I Why did I lose 60% on my proof of Generalized Vandermonde's Identity?

[12john]

My tests are submitted and marked anonymously. I got a 2/5 on the following, but the grader wrote no feedback besides that more detail was required. What details could I have added? How could I perfect my proof?

Prove Generalized Vandermonde's Identity, solely using a story proof or double counting. DON'T prove using algebra or induction — if you do, you earn zero marks.

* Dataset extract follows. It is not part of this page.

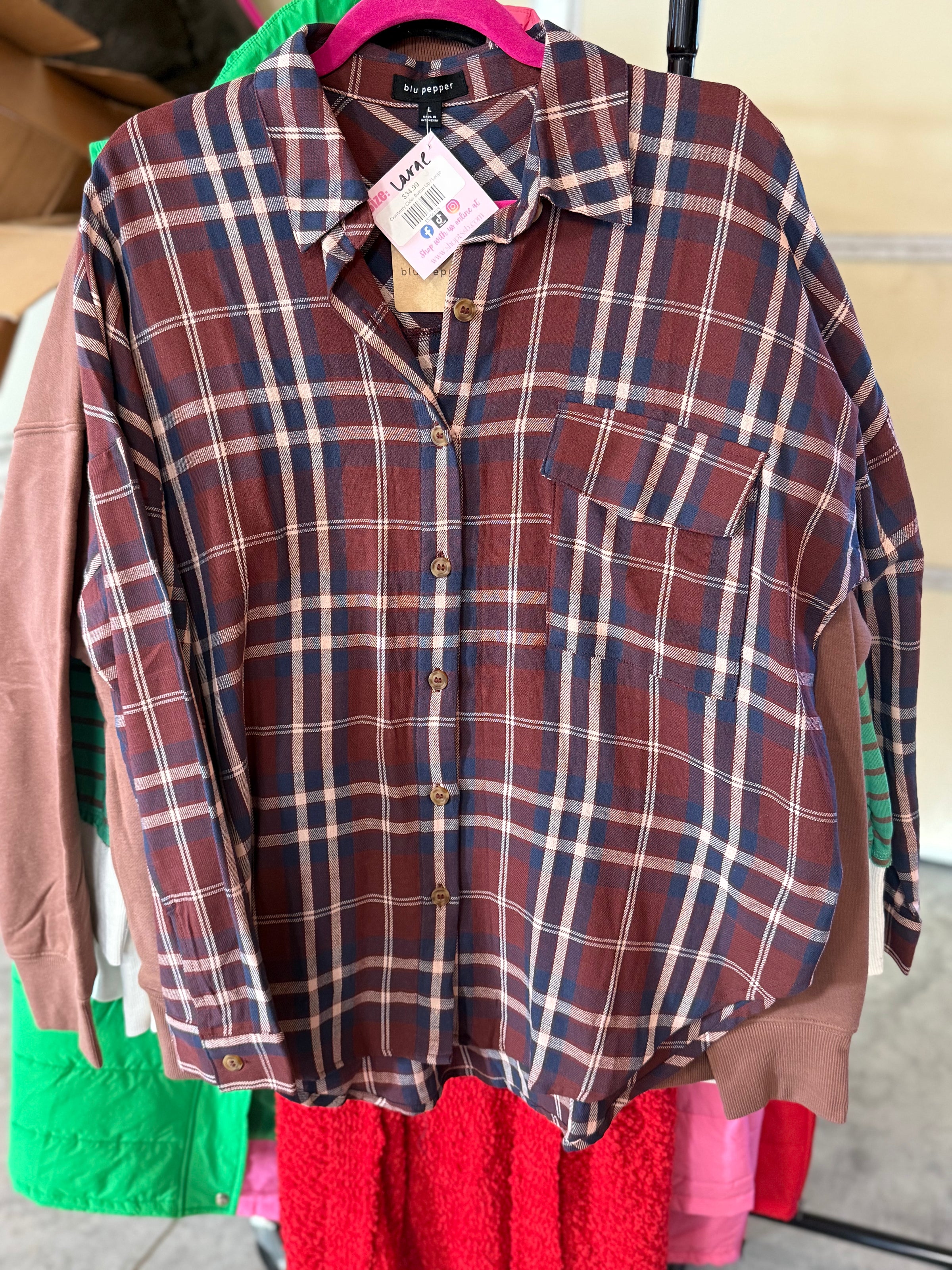 The Cranberry Cider Button Up is that perfect soft + lived-in plaid we all love.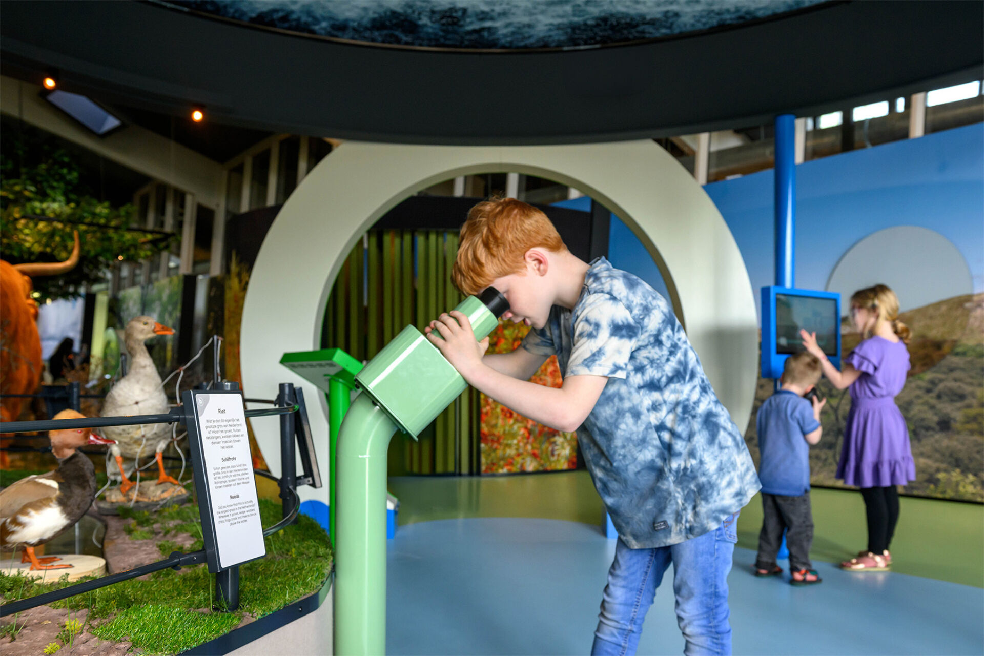 In het bezoekerscentrum worden al je zintuigen geprikkeld: beleef de geuren en nachtelijke geluiden van het bos, voel de wind bij de zeereep, aai de vacht van een hooglander of kijk door de ogen van een havik.

$$\sum\limits_{k_1+\cdots +k_p = m} {n_1\choose k_1} {n_2\choose k_2} \cdots {n_p\choose k_p} = { n_1+\dots +n_p \choose m }.$$

Beneath is my proof graded 2/5.

I start by clarifying that the summation ranges over all lists of NONnegative integers $(k_1,k_2,\dots,k_p)$ for which $k_1 + \dots + k_p = m$. These $k_i$ integers are NONnegative, because this summation's addend or argument contains $\binom{n_i}{k_i}$.

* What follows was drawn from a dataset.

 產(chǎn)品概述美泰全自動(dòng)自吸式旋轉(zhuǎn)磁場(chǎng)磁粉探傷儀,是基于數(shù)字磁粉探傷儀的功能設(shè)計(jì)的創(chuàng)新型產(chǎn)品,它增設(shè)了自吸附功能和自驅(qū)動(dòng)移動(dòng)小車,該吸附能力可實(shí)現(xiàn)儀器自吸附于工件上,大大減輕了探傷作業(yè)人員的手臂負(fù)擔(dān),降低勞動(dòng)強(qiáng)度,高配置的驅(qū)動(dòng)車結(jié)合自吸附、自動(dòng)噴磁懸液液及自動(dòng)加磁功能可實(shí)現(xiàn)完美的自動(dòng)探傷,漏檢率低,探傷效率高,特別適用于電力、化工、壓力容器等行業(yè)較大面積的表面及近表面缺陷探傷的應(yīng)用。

On the LHS, you choose $k_1$ elements out of a first set of $n_1$ elements; then $k_2$ out of another set of $n_2$ elements, and so on, through $p$ such sets — until you've chosen a total of $m$ elements from the $p$ sets.

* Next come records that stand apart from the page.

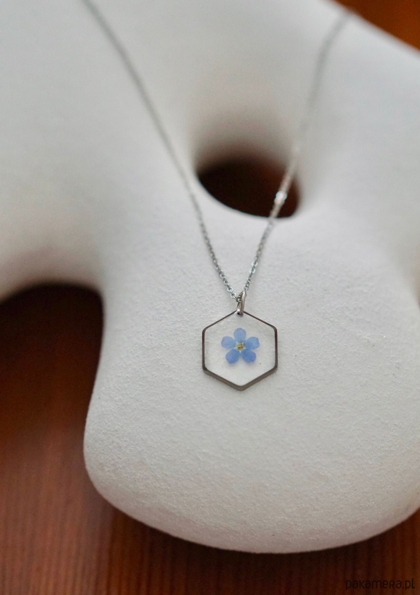 Naszyjnik wykonany ręcznie z suszonych kwiatów oraz żywicy epoksydowej. Wielkość zawieszki 15 mm. Długość łańcuszka 50 cm. Ramka oraz łańcuszek wykonane ze stali chirurgicznej w kolorze srebrnym. Naszyjnik pakowany jest w eleganckie pudełeczko prezentowe. Żywica epoksydowa nazywana „szkłem jubilerskim” jest coraz częściej stosowanym materiałem w tworzeniu biżuterii. Po zastygnięciu cechuje się wysokim połyskiem oraz przepięknie wydobywa kształt wraz z kolorem zatopionych elementów.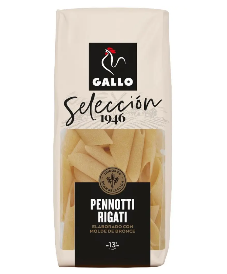 Макаронні вироби Gallo Seleccion 1946 Pennoti Rigati – це паста преміум-класу, виготовлена з добірної твердої пшениці. Вона має широку окружність і грубу терту поверхню, що дозволяє добре утримувати соуси, особливо м’ясні та овочеві.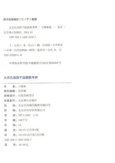 北京孔庙国子监匾联考辨/北京市文物局青年科研丛书
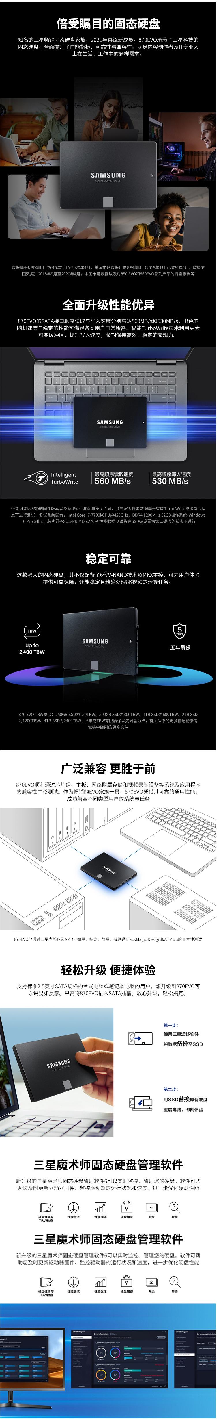 自營三星(SAMSUNG) 870 EVO(MZ-77E4T0B) 固態(tài)硬盤 4TB SATA3.0接口 讀取速度560MB/s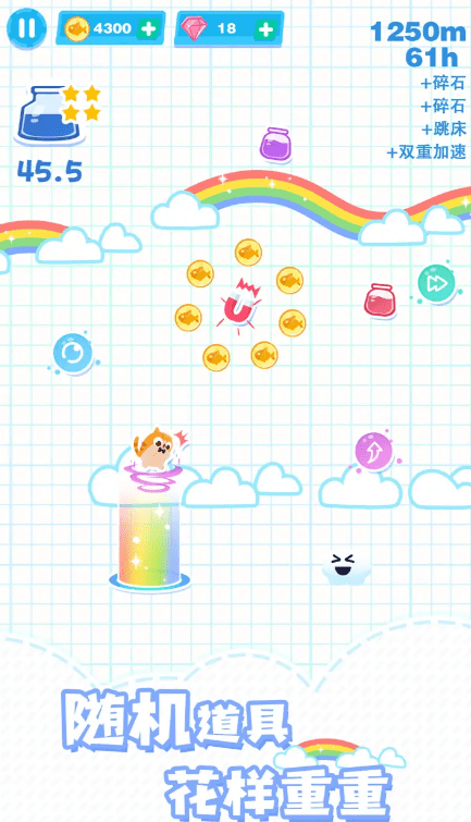 2. 游戏目标:帮助猫咪顺利到达云霄之上,途中需要收集金币并解锁各种游戏道具。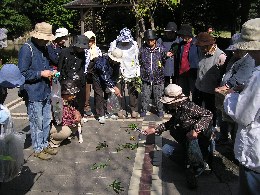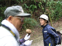 【左】「これなんですか」「ノウタケというキノコです」「食べれますか」「はい、食べれます。ただし、お年寄りから」

Thus, on the LHS, you are choosing $m$ elements out of $n_1+\dots +n_p$, which is exactly the RHS. Q.E.D.

 

[mfb]

Can't read the mind of the person who graded it, but you could have made clearer why (or at least mention that) the sum catches every possible way to select m elements. You only documented that every "element" of the LHS is part of the RHS, i.e. LHS <= RHS.

 

[fresh_42]

I miss a comment on the summation. And the product is only implicitly explained. Where is the double counting? I would have expected an argument $\sum \ldots = ?$ but you have looked at the RHS and reasoned from there instead of the other way around.

 

[vela]

To put what the others said in another way, the way I read your proof, you seem to be saying
$$\binom{n_1}{k_1}\binom{n_2}{k_2} \cdots \binom{n_p}{k_p} = \binom{n_1+\cdots+n_p}{m}$$ as long as $m=k_1+\cdots+k_p$.